CS194-26 Project 1

Vincent Zhu 3032108340

Overview:

In the early 20th century, Sergei Mikhailovich Prokudin-Gorskii took thousands of color photographs of the Russian empire, in the form of RGB glass-plate negatives. These photographs have recently been digitized and published online. The purpose of this project is to take the three color channel images and properly align them to produce a full color photograph.

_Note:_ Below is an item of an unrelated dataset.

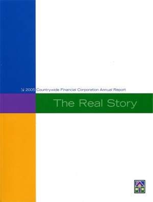 Download This Year's Entry Form Annual Report Highlights: View Competition Class Performance | Company/Agency Name: | Countrywide Financial Corp.    / Praxis | | Company/Agency Web Site: | www.countrywide.com / www.praxisls.com | | Company Ticker Symbol: | CFC | | Annual Revenue: | $1+ Billion | | Employee Base: | 10,000+ Employees | | Core Industry: | Financials - Capital Markets & Diversified Services | Approximate Number of Pages (Narrative/Financial Percent): | 254 (11.8%/88.2%) | | Award Garnered: | Gold | | Top 100 Rank: | 75 | | | | Judging Results | | First Impression: | | | Report Cover: | | | Letter to Shareholders: | | | Report Narrative: | | | Report Financials: | | | Creativity: | | | Message Clarity: | | | Information Accessibility: | | | Total Score: | |

My Approach: I assumed a simple [x,y] translation was sufficient to align the images properly. I exhaustively searched over a [-15, 15] pixel displacement window and chose the displacement that yielded the best score under the sum of squared differences similarity metric. For photos that were too large to do this on, I used an image pyramid approach, starting from the coarsest scale and moving downwards, updating the best displacement estimate at every level.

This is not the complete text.